A fine 17th century English needlework picture

Circa 1660

With various Biblical vignettes among an array of flora and fauna including a lion, leopard, stag, dog, squirrel, parrot, kingfisher, and butterfly, a sunflower, cornflower, and rose, a pear and other trees, and two grand houses in a rolling landscape under a partly occluded sun, worked in silk and metal thread in tent stitch, stem stitch, couching stitch and French knots. Although the design and techniques used in the creation of this panel are typical of mid 17th century English needlework, the subject, which consists of various unrelated Old Testament figures combined in the same setting, is not. At the centre King Solomon stands on a richly carpeted dais beneath an exquisitely draped and decorated canopy as he would in depictions of his Judgement (1 Kings 3: 16-28), but with no supplicants upon which to exercise his wisdom; to the left, Ishmael walks hand in hand with his mother Hagar (Genesis 21: 14), but without the figure of Abraham to banish them from his home; while to the right Pharoah’s daughter retrieves Moses from the Nile as her handmaidens rush to aid her (Exodus 2: 5-6). A panel in the Metropolitan Museum of Art (acc. no. 64.101.1304), dated ‘1669’ and worked in wool rather than silk, presents a similar agglomeration of scenes and is described thus by Melinda Watt in the catalogue ‘English Embroidery from the Metropolitan Museum of Art, 1580-1700 – ’Twixt Art and Nature’, (publ.
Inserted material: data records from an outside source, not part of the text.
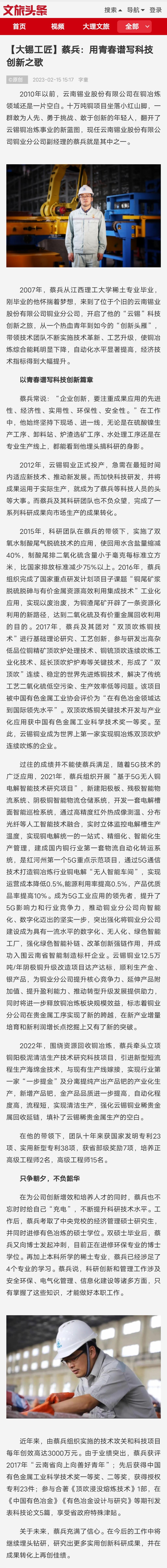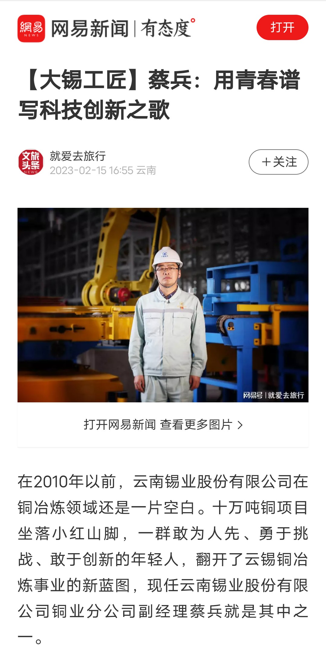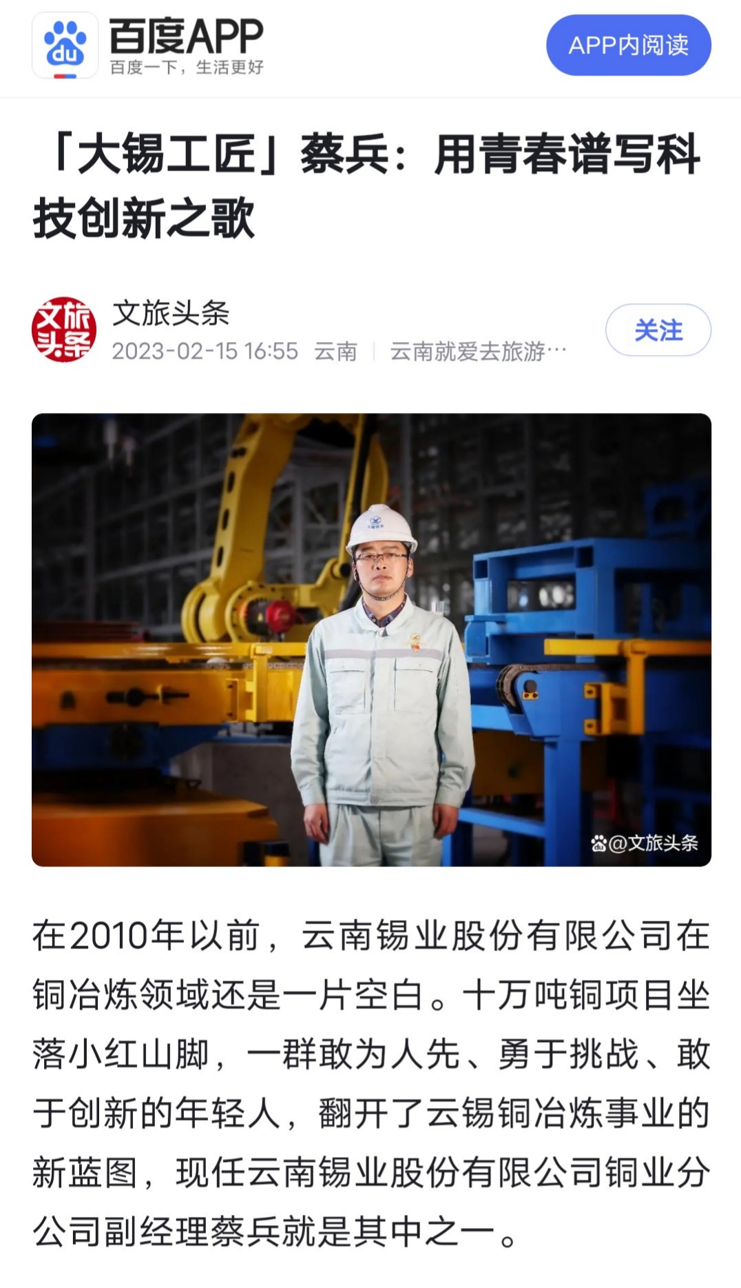 百度、网易、今日头条、搜狐、一点资讯、文旅头条:【大锡工匠】蔡兵:用青春谱写科技创新之歌
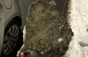 «Мы ехали под мостом, в третьем ряду, тут услышала громкий звук, что-то ударило по крыше автомобиля. Ситуация непривычная - жму на тормоз, останавливаю машину и включаю аварийные сигналы. Вышла, смотрю, а за моим авто валяются куски бетона. На крыше автомобиля тоже лежали бетонные обломки», - написала Инга.
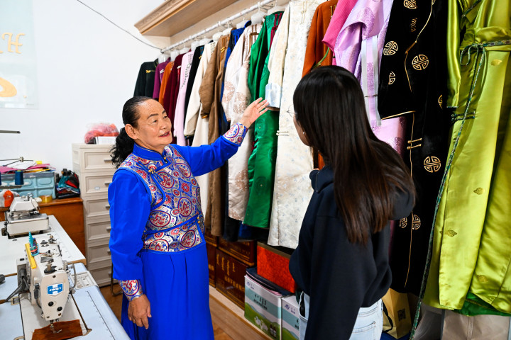 9月26日,在服装店里,通嘎拉嘎穿上自己制作的蒙古袍,准备去参加苏尼特左旗的民族团结进步表彰大会。新华社记者 连振 摄
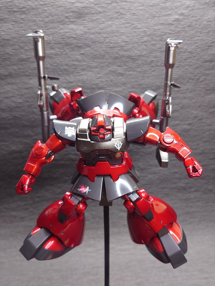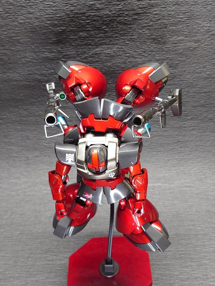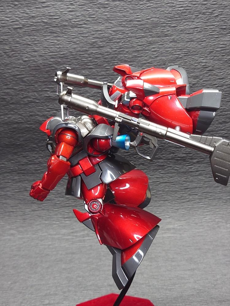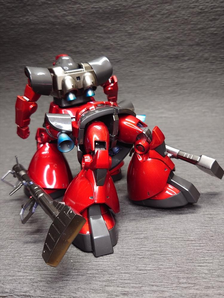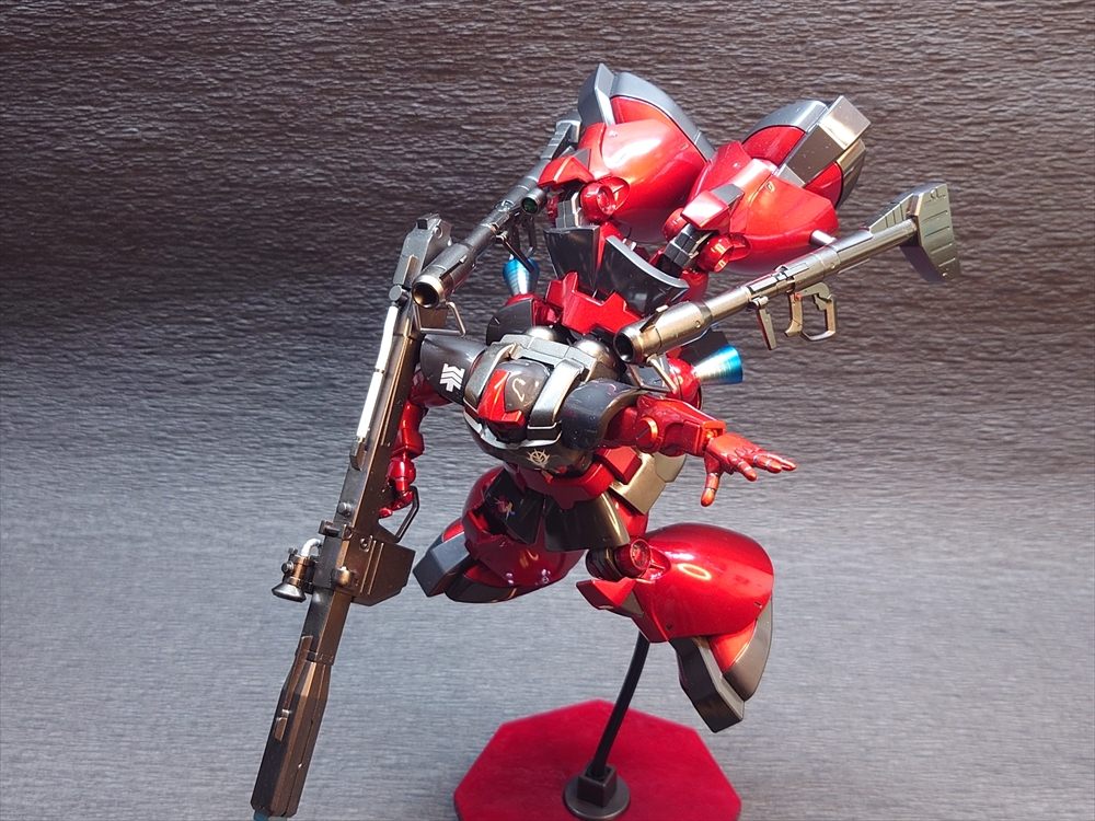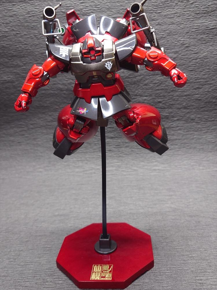 当初からドムはキャンディ塗装にしたかったので。べつに誰かの専用機という脳内設定はせずに製作。台座は100均から。
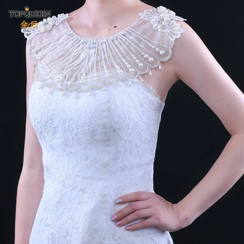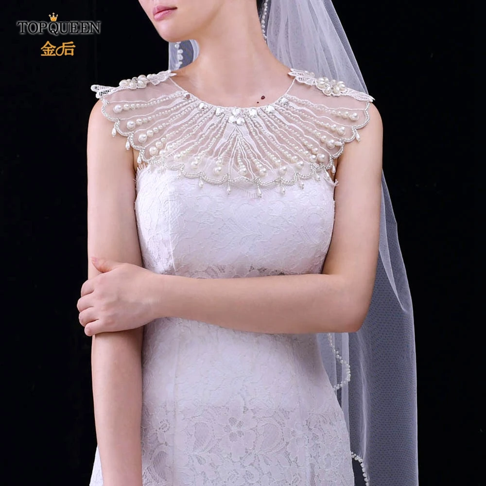 TOPQUEEN SG08 Свадебные сектор шаль к требованиям заказчика; Сверкающие; Бисером свадебное вокруг лодыжки и бахромой Великолепная Свадебная накидка в африканском стиле на высоком каблуке специальное мероприятие, с отложным воротником
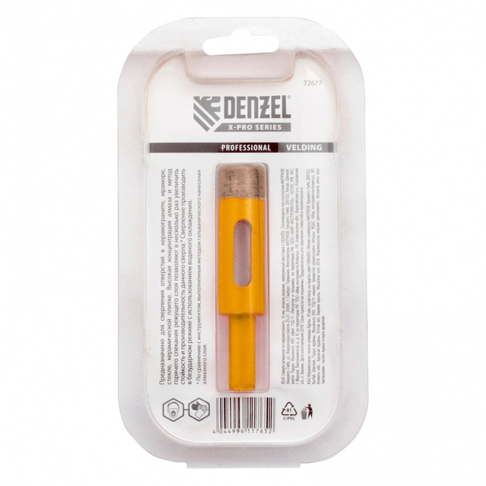 Алмазное сверло Denzel 72677 с трехгранным хвостовиком, для «мокрой» резки, — режущий инструмент для получения точных отверстий диаметром 16 мм. Подходит для работ по стеклу, керамике, а также керамограниту и мрамору. Используется в качестве оснастки для дрелей и шуруповертов. Сверление с применением водяного охлаждения позволит избежать перегрева сверла и продлить срок его службы. Использование кондуктора 72830 препятствует смещению коронки и облегчает засверливание. Оснастка предназначена для профессионального использования.
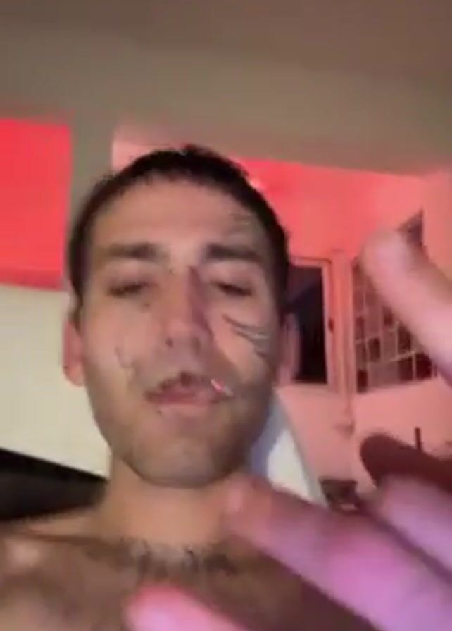 A fair-skinned, shirtless person with short dark hair, facial and neck tattoos, and a nose ring is seen from the chest up. The individual has a cigarette or joint in their mouth. They make a hand gesture resembling devil horns. The person looks toward the camera, but their eyes are looking down. The background appears to be a sparsely decorated room with a red light and a window. Music is playing.
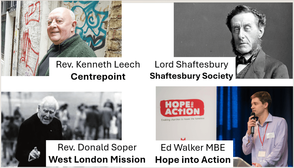All of these men were different: Soper and Leech sacramental socialists, Lord Shaftesbury an aristocratic evangelical Tory, but each of these men had prophetic vision for how the Christian faith could make a difference to poverty and homelessness in their era. All 4 were providers who inspired and oversaw practical work which was anchored in their faith and a vision of God’s kingdom. They did not simply preach, write books or set up Think Tanks: rather their faith was incarnated and embodied in providing practical help to people on the margins.
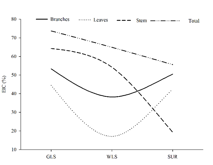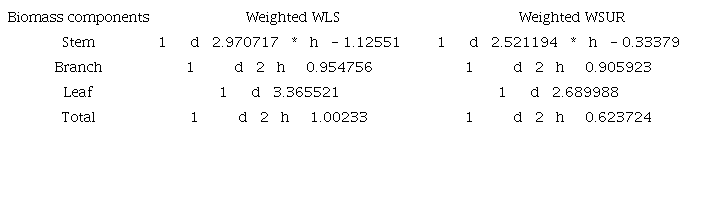 Estimator efficiency was not always related to biological consistency since WLS showed biological inconsistency; however, WLS presented greater efficiency estimators than that of SUR. Although the crown biomass components are difficult to model, it is necessary to use an estimator that results more accurate estimates, primarily because the leaves are raw material that ensure energy production and are important components for ecophysiological modeling (Binkley et al., 2004).

Yale, 2008, cat. no. 25), ‘…a small compendium of religious imagery, each story rendered in a kind of shorthand with only the key scene in the narrative nestled within the pictorial landscape conventions of this type’. In its style, technique and arrangement, a picture of the ‘Judgement of Solomon’, previously with Mallett and illustrated as fig. 124 in ‘Art of Embroidery’, (Lanto Synge, publ. Antique Collectors Club, 2001) is closely related to the current example. With restorations.

The needlework 33cm (13”) high and 44.5cm (17½”) wide.

Mounted behind glass in a walnut frame 39.8cm (15⅝”) high and 51.3cm (20⅛”) wide.